Sunday, March 1, 2015

Who speaks for whom or for what: As the U.S. expresses concern over ‘deteriorating rights’ in Turkey, Turkish President Erdoğan slams Austria's controversial Islam law

    Sunday, March 01, 2015   No comments

 U.S. concerned over ‘deteriorating rights’ in Turkey

People in a democratic country should be able to express criticism of their leaders, a senior U.S. official has said, voicing Washington’s concern over Turkey’s human rights situation, amid a series of recent cases in which senior elected officials have opened cases against citizens upon alleged “insults.”

“We are very concerned about this. People have been prosecuted for speaking their mind. In a democratic country that respects freedom of expression, people should not be prosecuted for expressing their views on the government of the day or public officials,” said Thomas O. Melia, the deputy assistant secretary of the U.S. State Department’s Bureau of Democracy, Human Rights and Labor (DRL).

Melia’s comments came upon a question about people facing criminal charges due to their criticism against Turkish leaders posted on social media.

“People in a free society are allowed to complain about their leaders and their performance,” he told reporters on Feb. 27 after holding meeting with ruling Justice and Development Party (AKP) officials and local civil society representatives, ahead of the release of the State Department’s annual report on human rights around the world.

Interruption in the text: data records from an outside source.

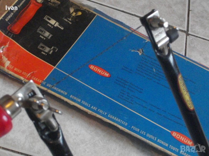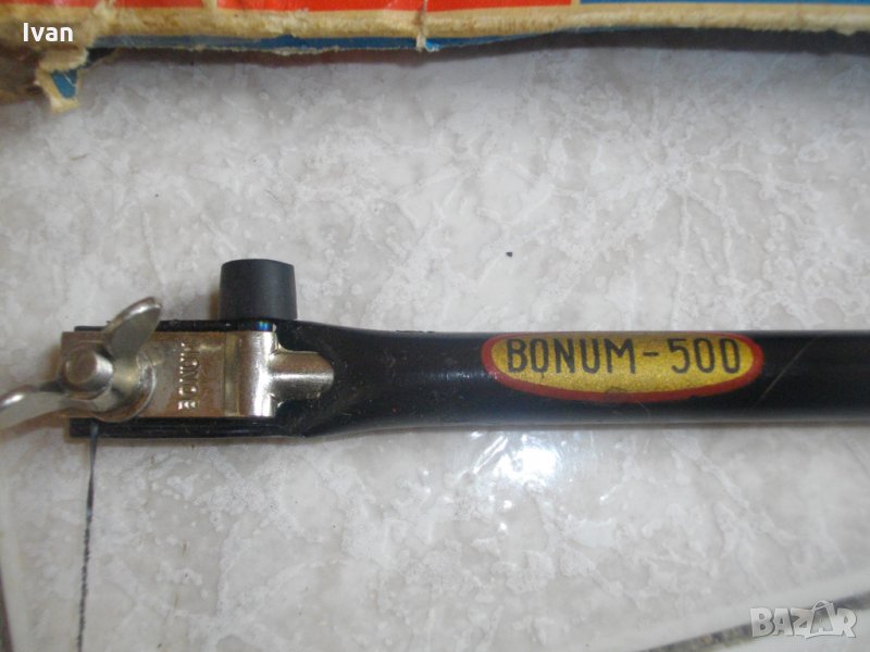 Съвсем нова,сгъваема ножовка-трион,професионален модел на Бонум.Немско оригинално производство,упоменато с маркировки. Марка и модел-Bonum-500-D.B.P. Bonum 500.Инструмента е висококачествен,от масивна дебела стомана,изцяло метален,със сгъваема дръжка,с дървено буково покритие.За малки режещи листове с дължина 150мм.Дължина на инструмента към заоблената част за захват-350мм.Ширина155мм.Към инструмента има дървена подложка за по-стабилно рязане.Инструмента е прибрана в оригиналната си немска картонена опаковка. Ножовката-трион,е с поставен на нея режещ лист.Инструмента е в пълна изправност.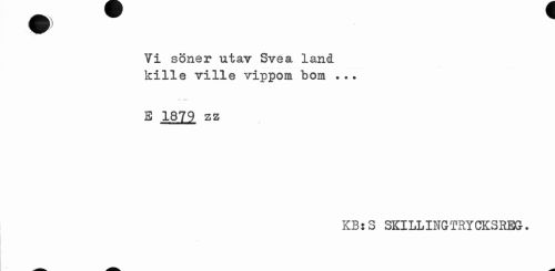 //// I //// / //// Vi söner utav Svea land-kille ville vippom bom ... //// E 1879 zz //// ^ KB;S SKILLINGTRYCKSREG. ////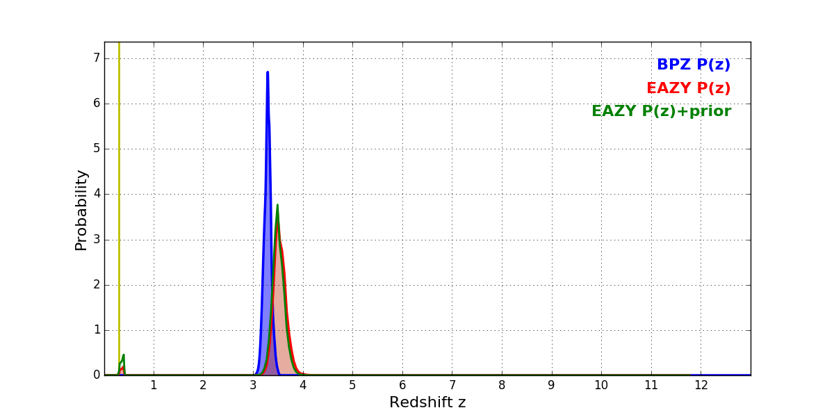 In P(z) plots: Yellow lines mark the cluster redshift z = 0.300,

It is problematic if anyone - whether they are an editor-of-chief a newspaper, a 16-year-old student, or a taxi driver - fears prosecution or imprisonment for expressing criticism in a public meeting or on social media, Melia added. “That’s one of the things that we are concerned in Turkey’s human rights environment today,” he said.



Turkish President Erdoğan slams Austria's controversial Islam law

Turkish President Recep Tayyip Erdoğan strongly criticized Austria on Feb. 28 for approving a controversial bill that revises the status of Muslims in the European country.

"On the one hand you tell about the EU acquis, but on the other hand you take steps which totally oppose the EU acquis," Erdoğan said at a meeting in Istanbul before his departure to Saudi Arabia for an official visit. 
According to the Europa portal, the community acquis or acquis is "the body of common rights and obligations which bind all the member states together within the European Union… Applicant countries have to accept the Community acquis before they can join the Union."

The Austrian Parliament passed a law on Feb. 25, stirring a debate.

The updated “Law on Islam,” which was prepared by the coalition of the Social Democratic Party and the People’s Party, aims to regulate how Islam is managed inside the country, and includes provisions requiring imams to be able to speak German, standardizing the Quran in the German language, and banning Islamic organizations from receiving foreign funding.

Turkey will make every effort to protect Muslims in Austria, especially those of Turkish descent, from being harmed due to a controversial recently approved bill regulating Islam in the country, Turkey’s EU minister said on Feb. 26.